The other more-public option I was considering was type(obj).__dict__.get("__eq__"). This is testing whether the class itself (not parents) implements an __eq__ method, because:

eq: If true (the default), an __eq__() method will be generated
https://docs.python.org/3/library/dataclasses.html#dataclasses.dataclass

However, I didn't like this, because it'll be a false-negative on cases like:

@dataclass(eq=True)
class A:
    foo: str

class B(A):
    def some_extra_method(self): ...

In this case, dataclasses.is_dataclass(B) is True, since it inherits from one. But it doesn't have an __eq__ method in its own __dict__, since it just inherits it from A, versus being generated by make_dataclass. But since it inherits this __eq__ method, we'd want tokenize on B to be deterministic, just as it is on A.

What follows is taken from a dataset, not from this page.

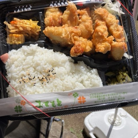 食堂ではできたてをお弁当に詰めてくれるので、そこで食べてもいいしテイクアウトして車内で食べてもOK。ごはん炊きたてで美味しい!鶏天も揚げたてで超美味しい!リピ確定。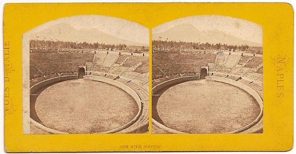 Roberto Rive captured this albumen print of the amphitheater in Pompeii sometime in the mid-19th century, using a process that was gaining traction for its sharp detail. The albumen method involved coating paper with egg whites, then sensitizing it with silver nitrate. The resulting print, made from a glass negative, has a distinctive tonal range and smooth surface, quite unlike the digital photos we're used to today. Look closely, and you’ll see how this particular process lends a slightly sepia tone to the image, emphasizing the arena's stone construction. The image is so compelling because of the contrast it establishes, the amphitheater was built by hand with slave labor, while the photo's own production hinged on skilled labor of a different kind and new industrial methods. The photograph is as much a record of Pompeii as it is of the rapidly changing world that Rive inhabited. It’s a reminder that every image, every object, tells a story not only of its subject but of the means and the moment of its making.

I suppose we could test for type(obj).__eq__ is not object.__eq__, indicating that something in the MRO defines its own __eq__ method.

But frankly, this feels to me like it's relying about as much on implementation details as obj.__dataclass_params__.eq, and it's quite a bit harder to read and understand.


The last option is to just not care about __eq__, and deterministically tokenize dataclasses even if they're marked as eq=False. I think this would still be pretty reasonable. I'm kind of on the fence about whether it even matters.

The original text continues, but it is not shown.